Summary: | For x86 PIC code, ebx should be spillable | ||
---|---|---|---|
Product: | gcc | Reporter: | Rich Felker <bugdal> |
Component: | target | Assignee: | Not yet assigned to anyone <unassigned> |
Status: | RESOLVED FIXED | ||
Severity: | enhancement | CC: | evstupac, gcc, pageexec |
Priority: | P3 | ||
Version: | 4.8.0 | ||
Target Milestone: | 5.0 | ||
Host: | Target: | x86_64-*-*, i?86-*-* | |
Build: | Known to work: | ||
Known to fail: | Last reconfirmed: | 2012-08-13 00:00:00 |
Description
Rich Felker
2012-08-12 04:51:01 UTC
By the way, the code that inspired this report is crypt_blowfish.c and the corresponding asm by Solar Designer. We've been experimenting with performance characteristics while integrating it into musl libc, and I found that the C code is just as fast as the hand-optimized asm on the machine I was testing it on when using static libraries without -fPIC, but takes over 30% more runtime when built with -fPIC due to running out of registers. I think the GOT is introduced too late to do any fancy ananlysis on whether we need it or not. I also think that for outgoing function calls the ABI relies on a properly setup GOT, even for those that bind locally and thus do not go through the PLT. > I think the GOT is introduced too late to do any fancy ananlysis > on whether we need it or not.
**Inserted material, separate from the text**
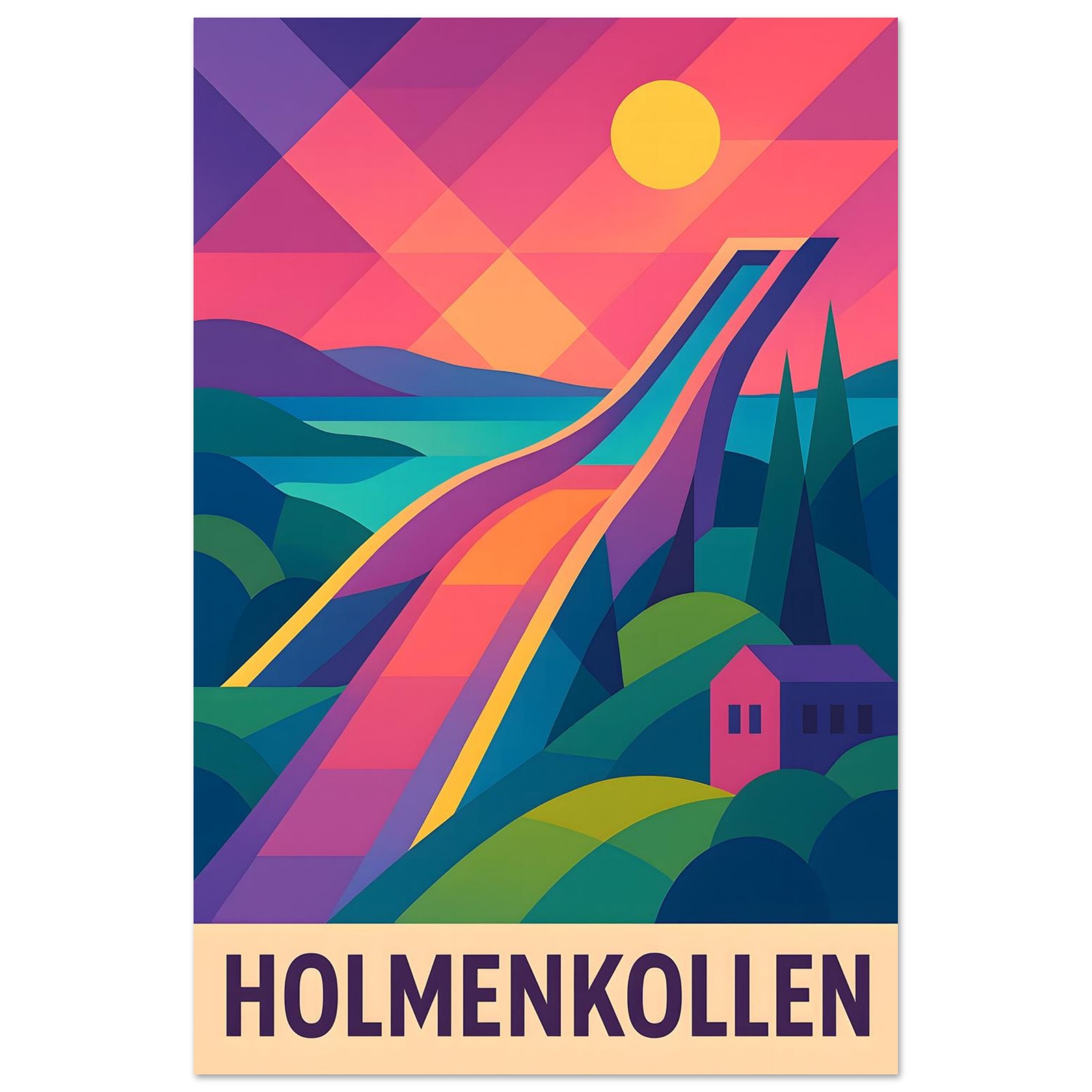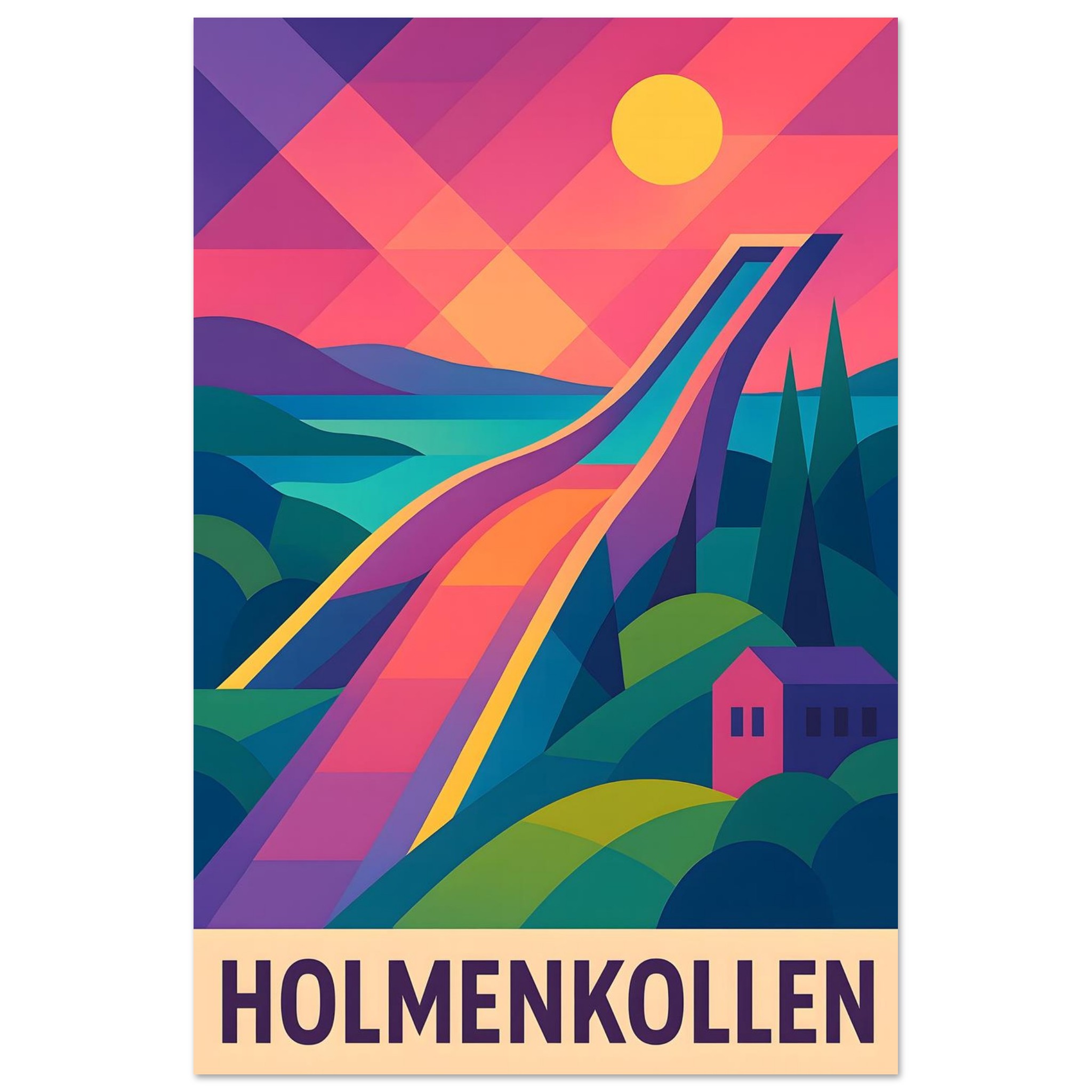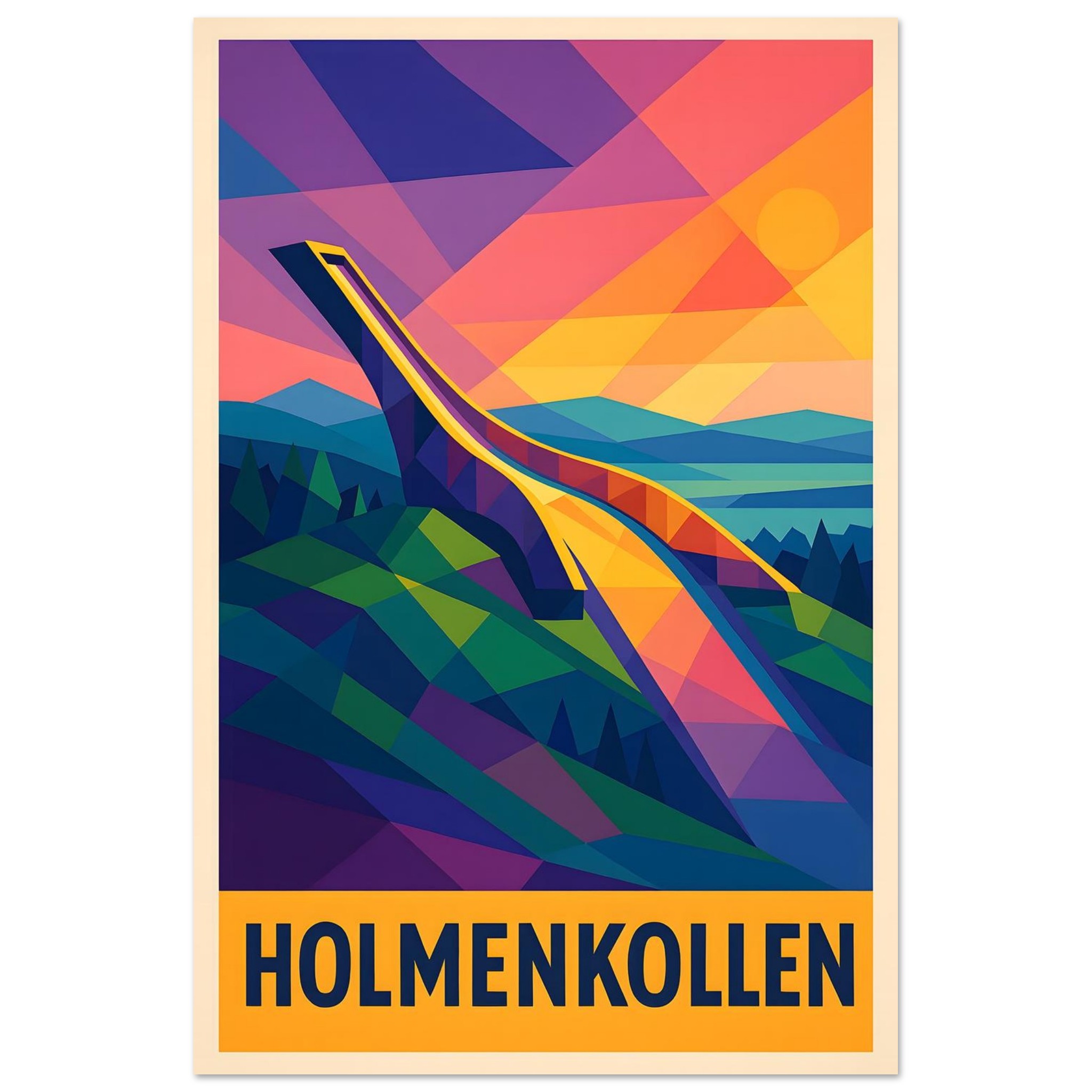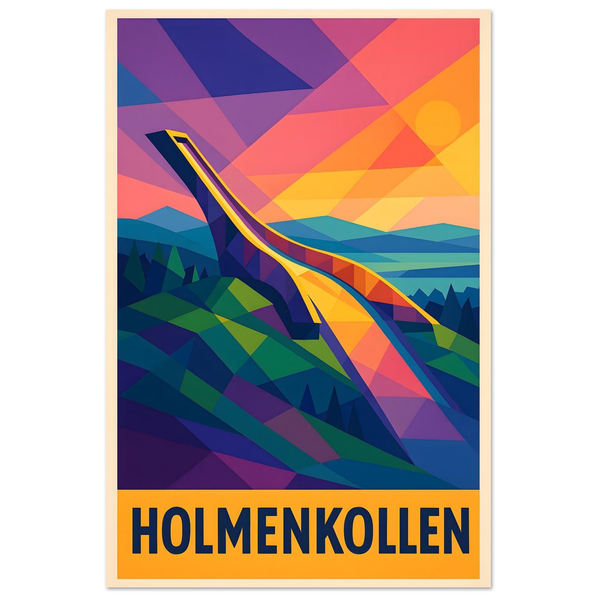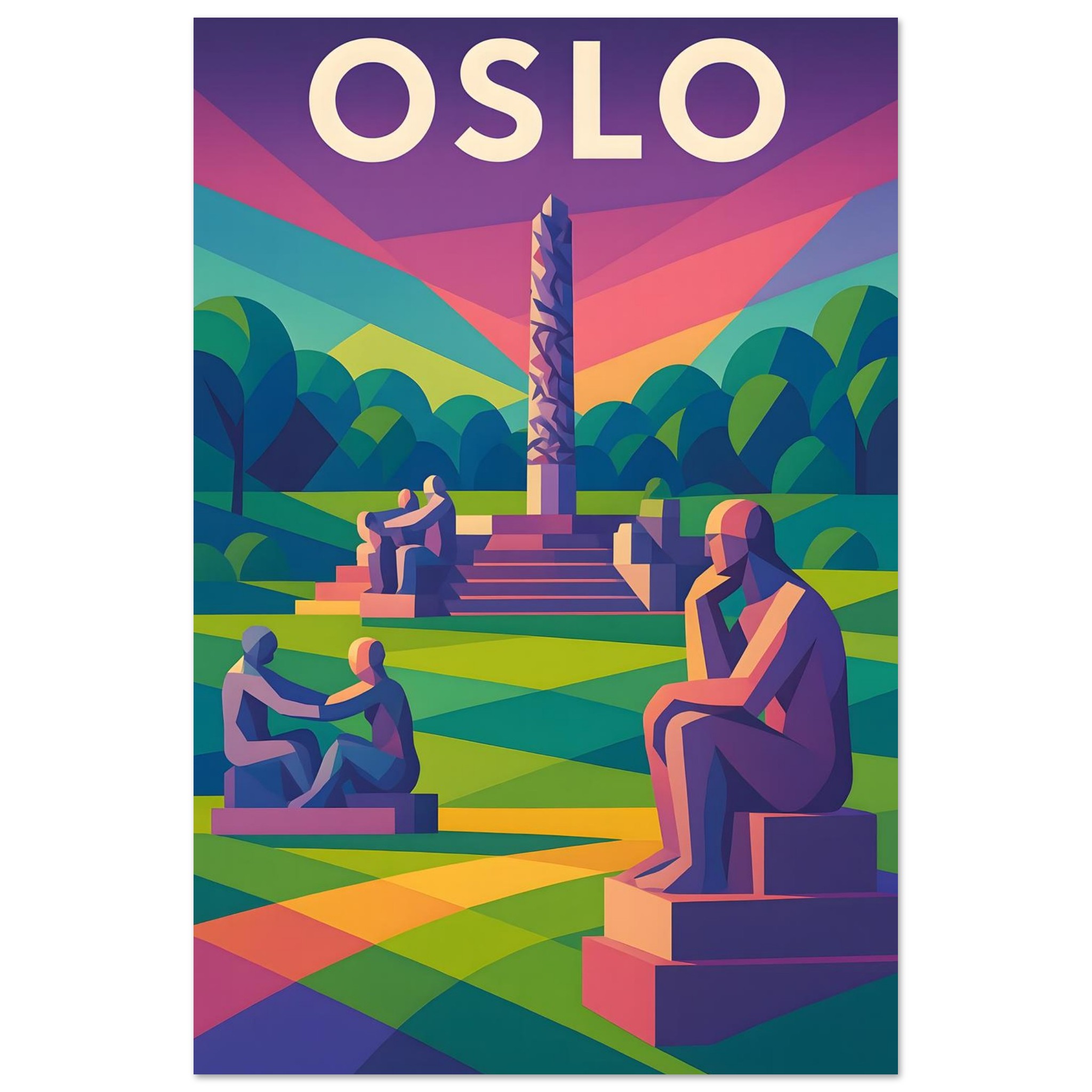 A colorful geometric vector-style illustration of Oslo. Experience art that feels silky to the touch with our high-quality, lighter-weight, classic semi-glossy paper:
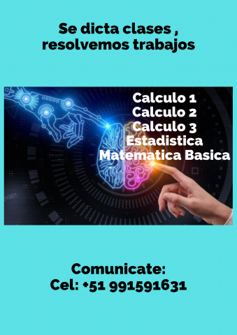 Asesoría especializada en matemáticas, para alumnos de pregrado y posgrado. Clases presenciales y virtuales. Te apoyo a que pases tus cursos de matemática en el primer intento.

This may be true, but if so, it's a highly suboptimal design that's hurting performance badly. 30% on the cryptographic code I looked at, and from working on FFmpeg in the past, I remember quite a few cases where PIC was hurting performance by significant measurable amounts like that too. If there's any way the changes I describe could be targeted even just in the long term, I think it would make a big difference for a lot of software. > I also think that for outgoing function calls the ABI > relies on a properly setup GOT, even for those that bind > locally and thus do not go through the PLT. The extern function call ABI on x86 does not allow the caller to depend on EBX containing the GOT address. This is because the callee has no way of knowing whether it was called by the same DSO it resides in. If not, the GOT address will be invalid for it. For static functions whose addresses never leak out of the translation unit they're defined in, the calling convention is up to GCC. Ideally it would assume the GOT register is already loaded in such functions (as long as all the callees use the GOT), but in reality it rarely does. This is a separate code generation QoI implementation that should perhaps be addressed as its own bug. Fixed in 5.0 . |